Exercise goal
Exclude all pictures from your copy of the data below, which should otherwise match exactly.

Stored data
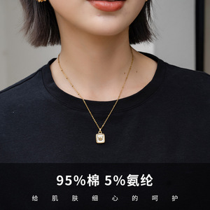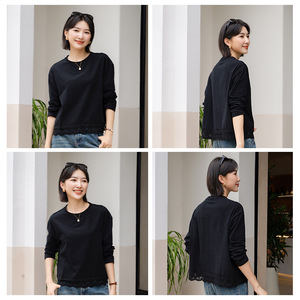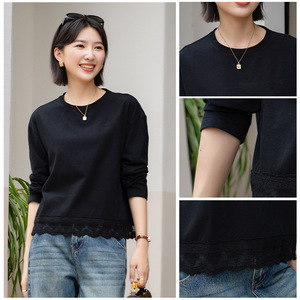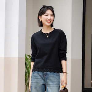 YUN韫秋季纯棉长袖打底衫圆领长袖下摆拼接设计感刺绣花边叠穿
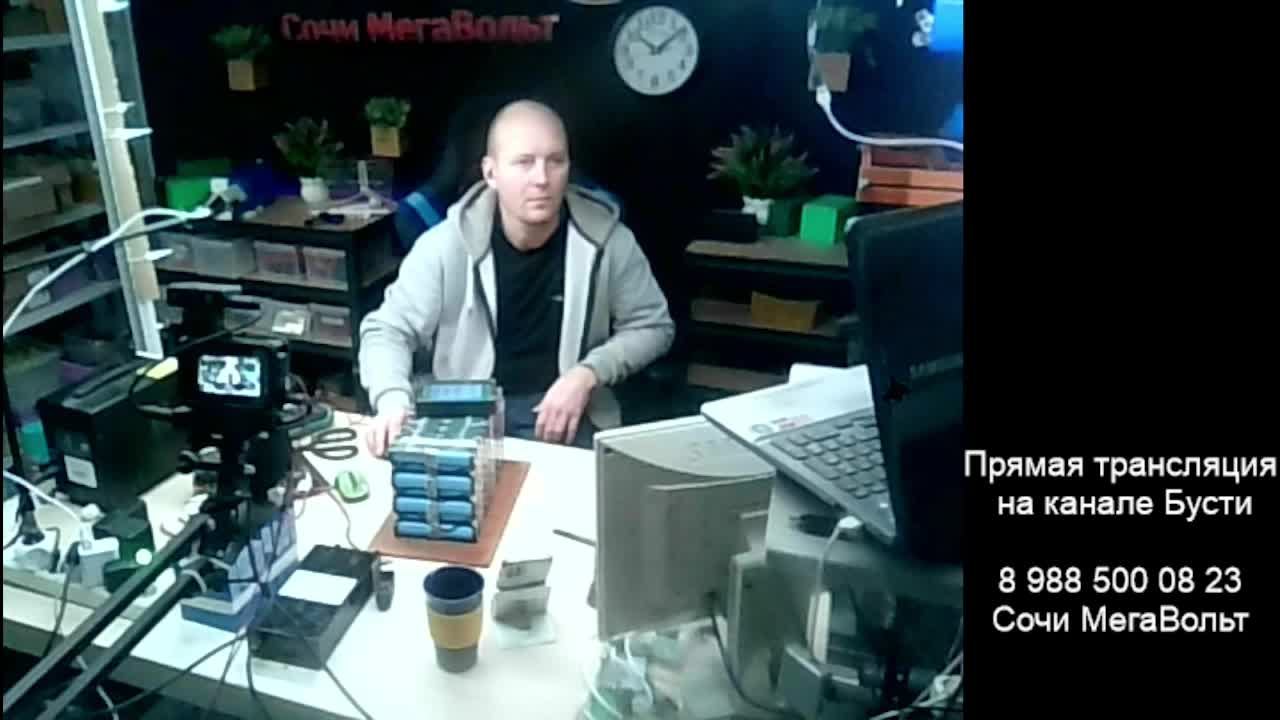 Здравствуйте. Трансляция рабочего стола... Трансляция с трёх камер и со звуком на канале Бусти. Там же можно задавать вопросы по аккумуляторам... что и как и зачем и почему..... Занимаюсь ремонтом и сборками аккумуляторов. Контактный телефон : 8 988 5000 823 Сергей ------------------------------------------------------- Полезное: Ссылка на видео : как подобрать и рассчитать никелевую ленту: https://boosty.to/sochi-megavolt/posts/75a42a0c-3f71-4776-95f4-e6d9515097d4?share=post_link Ссылка на объяснение про Бмс 14s 45a : https://boosty.to/sochi-megavolt/posts/3435c28c-93ec-434c-a8fc-28fc927bd8cd?share=post_link Кому интересно ремонтировать аккумуляторы и хотите понимать что нужно делать ... Ссылка на видео с подробными объяснениями и на канале Бусти Boosty: https://boosty.to/sochi-megavolt Также на Бусти в роликах " Полная версия" в описании ссылки на все компоненты для сборки аккумулятора. ----------------------------------------------------- Ютуб: https://youtube.com/@megavolt8331?si=8LNVOe55pBvcxDCy Ссылка на Дзен: https://dzen.ru/id/622731c5939d3b4e13b4546b Рутуб: https://rutube.ru/channel/38795736 Телеграм: https://t.me/SochMegaVolt Vk: https://vk.com/sochimegavolt Ok: http://ok.ru/video/c27594468 Ссылка на Авито с готовыми аккумуляторами: https://www.avito.ru/user/2986969b34d4e90b443edcb3294ef64a/profile?src=sharing -------------------------------------------------------- Буду благодарен за помощь... Донат: https://boosty.to/sochi-megavolt/donate
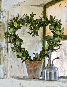 Sempre in tema casa, ecco una pianta rampicante (basterebbe un’edera o un gelsomino) sostenuta da un filo di ferro modellato a cuore.
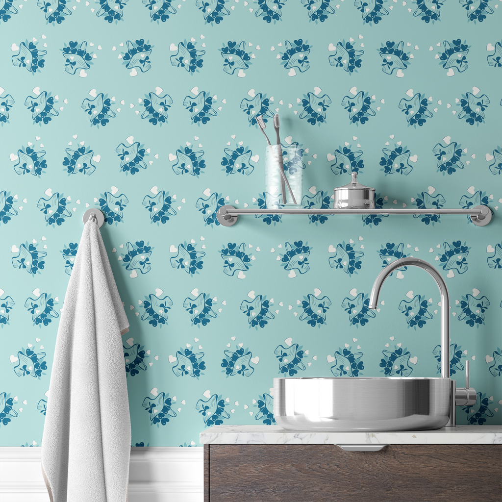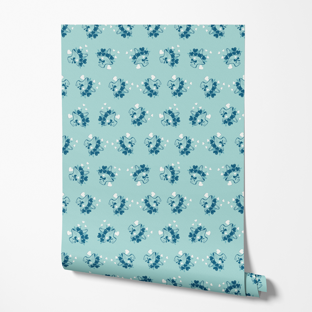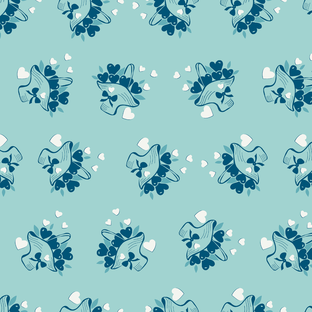 Delicate navy heart floral arrangements on a soft blue background create a romantic pattern perfect for any space.

Output
 YUN韫秋季纯棉长袖打底衫圆领长袖下摆拼接设计感刺绣花边叠穿
 Здравствуйте. Трансляция рабочего стола... Трансляция с трёх камер и со звуком на канале Бусти. Там же можно задавать вопросы по аккумуляторам... что и как и зачем и почему..... Занимаюсь ремонтом и сборками аккумуляторов. Контактный телефон : 8 988 5000 823 Сергей ------------------------------------------------------- Полезное: Ссылка на видео : как подобрать и рассчитать никелевую ленту: https://boosty.to/sochi-megavolt/posts/75a42a0c-3f71-4776-95f4-e6d9515097d4?share=post_link Ссылка на объяснение про Бмс 14s 45a : https://boosty.to/sochi-megavolt/posts/3435c28c-93ec-434c-a8fc-28fc927bd8cd?share=post_link Кому интересно ремонтировать аккумуляторы и хотите понимать что нужно делать ... Ссылка на видео с подробными объяснениями и на канале Бусти Boosty: https://boosty.to/sochi-megavolt Также на Бусти в роликах " Полная версия" в описании ссылки на все компоненты для сборки аккумулятора. ----------------------------------------------------- Ютуб: https://youtube.com/@megavolt8331?si=8LNVOe55pBvcxDCy Ссылка на Дзен: https://dzen.ru/id/622731c5939d3b4e13b4546b Рутуб: https://rutube.ru/channel/38795736 Телеграм: https://t.me/SochMegaVolt Vk: https://vk.com/sochimegavolt Ok: http://ok.ru/video/c27594468 Ссылка на Авито с готовыми аккумуляторами: https://www.avito.ru/user/2986969b34d4e90b443edcb3294ef64a/profile?src=sharing -------------------------------------------------------- Буду благодарен за помощь... Донат: https://boosty.to/sochi-megavolt/donate
 Sempre in tema casa, ecco una pianta rampicante (basterebbe un’edera o un gelsomino) sostenuta da un filo di ferro modellato a cuore.
 Delicate navy heart floral arrangements on a soft blue background create a romantic pattern perfect for any space.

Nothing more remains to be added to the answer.